А Джош все заливает про домашнюю работу. Из-за таких, как Джош, могут наказать весь класс. Не пустить на улицу в перерыв, например. Не то чтобы я очень рвалась на улицу, – просто это несправедливо. Мисс Голден говорит, что мы должны друг за друга отвечать. Но я не собираюсь отвечать ни за Джоша, ни за Дилана, такого даже в словаре нет, чтобы за Дилана отвечать. Разве только в колонке “бремя”.
От этих мыслей я вдруг чувствую, как что-то на меня тяжело наваливается, и начинаю даже тихонько пыхтеть от натуги. В голове у меня начинает вязко густеть, как всегда от усталости, и очень хорошо, что настает перерыв на ланч.
Кафетерий у нас огромный, и там всегда гвалт. Как в той колонии морских птиц кайр, которых показывали по телевизору. Они живут над океаном на скалах и все время орут.
Еду в кафетерии я не люблю. Папа готовит мне ланч дома и всегда кладет в мой пакет кучу всего. Бутерброд я съедаю сама, а вот почти все конфеты и печенье раздаю тем, кто рядом сидит. Миранде, и Мэри, и Ханне. Но начинаю всегда с Кори – такая она маленькая и худая. И еще она не любит того, что ей дают с собой родители, и никогда не ест. Ей больше по вкусу то, что папа кладет в мой пакет.
Мне приятно раздавать, и еще немножко хочется, чтобы меня любили и говорили “спасибо”. Хотя не поэтому я все раздаю. Просто мне приятно.
Когда я встаю и собираюсь выбросить мусор, я вижу, как в мою сторону идет Тедди. Тедди подходит ко мне и говорит:
– Знаешь, а ты нам больше не нравишься. И общаться с тобой мы не хотим.
Что вообще странно, потому что мы уже и так не общались.
Стоит и ждет – что я ему скажу?
А я ничего не сказала, пожала плечами, и все. А он все стоял и ждал. Вдруг я вспомнила, что мусор надо с подноса выкинуть. И выкинула. Тедди посмотрел на меня сверху вниз и ушел. И я тоже повернулась, чтобы пойти, но тут услышала, как Родриго громко назвал Дилана “жирный зад”. Потому что Дилан разлил кока-колу ему на штаны. Я это видела, так как мусорный бачок – рядом с тем местом, где они ели. Дилан сразу как заревет:
– Что?!
А Родриго опять, прямо как ошпаренный:
– Глупый, жирный зад!
Тут Дилан вскочил (потому что у него комплекс по поводу комплекции), и прежде чем врезать Родриго, сначала весь стол перевернул от злости, и все полетело на пол – алфетки, стаканы, и все. Тут сразу возник мистер Кроули, наш учитель физкультуры, и сказал Дилану, чтобы тот все поднял, но Дилан вместо этого только отшвырнул мусор ногой.

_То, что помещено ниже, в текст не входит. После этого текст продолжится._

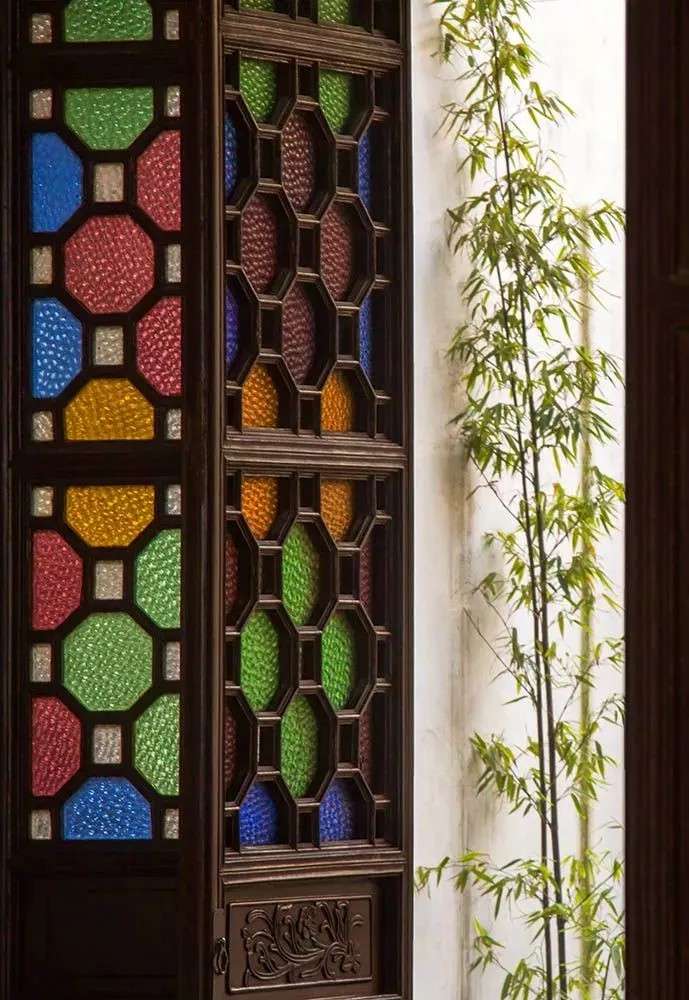民國染料大王貝仁元買下獅子林重修之後,延請劉臨川主持重修獅子林,也大量使用了彩色玻璃元素。給獅子林這一江南園林帶來了不一樣的光彩……

Тут мистер Кроули сильно повысил голос, но Дилан как стоял, так и остался стоять. И мистер Кроули сказал, что они поговорят в кабинете директора. А Дилан стоял весь красный, и мне казалось, едва удерживался, чтобы не пнуть ногой что-то ещё.

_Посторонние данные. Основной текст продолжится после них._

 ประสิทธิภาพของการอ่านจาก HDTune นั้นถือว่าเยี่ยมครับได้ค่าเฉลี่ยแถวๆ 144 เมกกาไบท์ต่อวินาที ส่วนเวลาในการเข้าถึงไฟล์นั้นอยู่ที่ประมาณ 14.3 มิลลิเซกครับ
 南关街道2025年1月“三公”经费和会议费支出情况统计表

Потом была репетиция оркестра. Мы репетировали на сцене, потому что сегодня концерт. И я никак не могла сосредоточиться и взять не только верхнее “си”, но и верхнее “ля”. И Бен тоже не мог, хотя Бен не мог немного хуже, чем я. А я все думала о том, что сказал Тедди, и хотя на поверхности все было нормально, и руки и ноги у меня двигались нормально, и мне кажется, даже лицо было нормальным, но я все равно не могла про это не думать, и от этого было очень нехорошо. Как будто одна часть меня знала и понимала, что на такие вещи обижаться нельзя, надо плюнуть и все, а другая часть никак не могла взять этого в толк.
И вообще, весь наш оркестр совершенно разладился, каждый дудел кто в лес, кто по дрова, и кроме себя ничего не слышал, и хотя я и президент, все равно не могла ничего поделать.

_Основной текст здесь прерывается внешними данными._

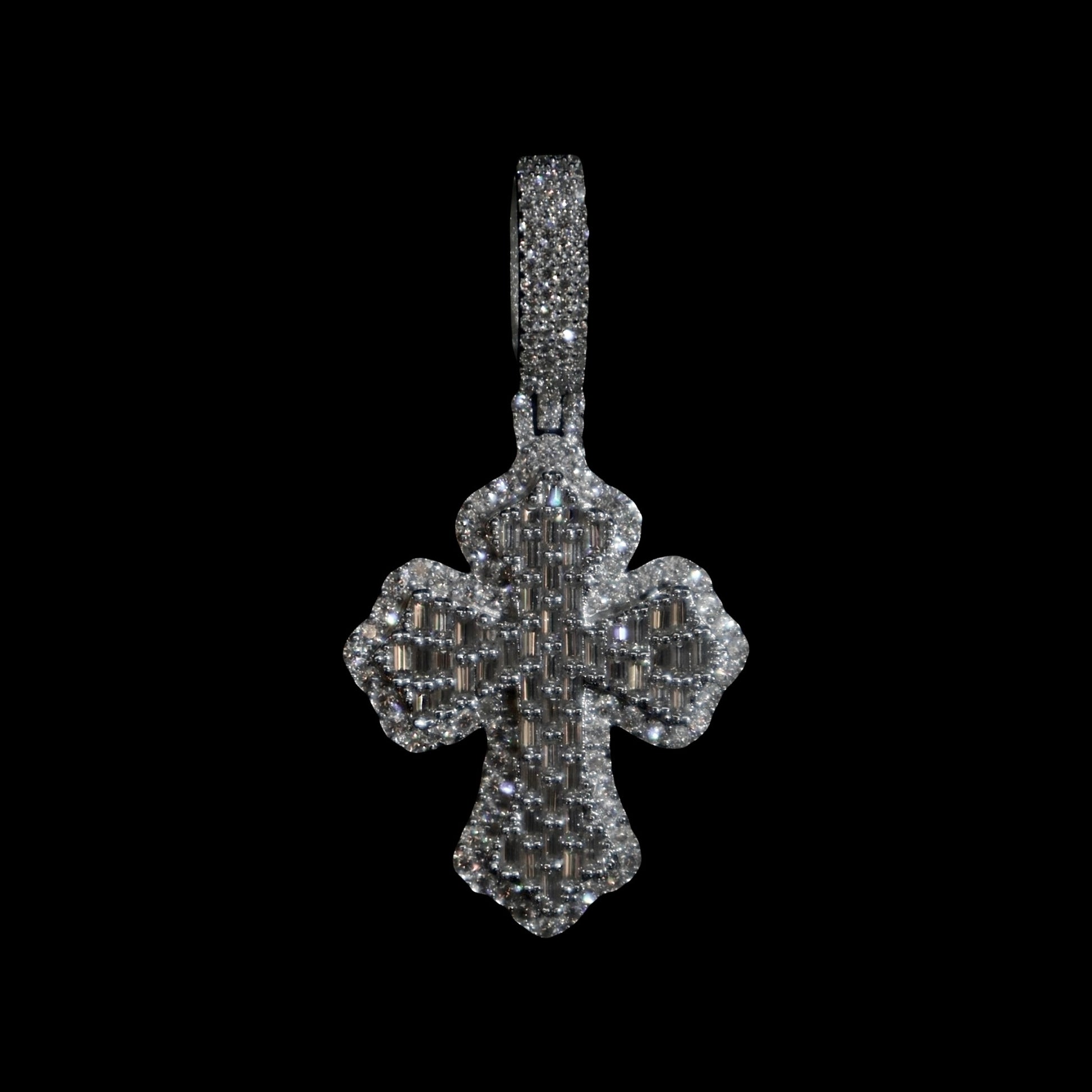 925 Sterling Silver VVS Baguette Cut Moissanite Ice Out Cross Pendant

После музыки у нас была латынь.
Я вообще люблю латынь. У меня даже латинское имя есть – Кассия. Мы там всякие сцены разыгрываем – я ничего, нормально разыгрываю, мне нравится латинские слова произносить. Хотя актрисой я никогда не буду. Это для тех девчонок, которые мажут лаком ногти, любят юбки с оборками и вообще все розовое, а некоторые даже ходят на каблуках. У них только и разговоров, что про прически да одежду, а Элизабет даже делает маски для лица в салоне красоты.
Эта Элизабет – очень популярная. Она почти никогда не ездит на автобусе, ее родители в школу отвозят. Но один раз она все же поехала, и сразу же стала жаловаться, что в автобусе холодно. И тогда все мальчишки повскакали с мест и стали захлопывать окна, как сумасшедшие.
Вот она-то и хочет быть актрисой. И когда мы разыгрываем сцену на латыни, она так выделывается, что смотреть тошно. При этом половину слов забывает.
А Джон Эдвардс Несбит Третий вообще отказался, разыгрывать сцену. И магистр Николсон сказала: о’ кей.
У Джона Эдвардса Несбита Третьего стрижка короткая, почти под ноль. А до этого он носил хвостик, как девочка. Кори сказала, что когда он отстриг себе этот хвостик, он отдал его на благотворительность, для тех, у кого рак. Чтобы парики делать. И он всегда носит две футболки – одна на другую.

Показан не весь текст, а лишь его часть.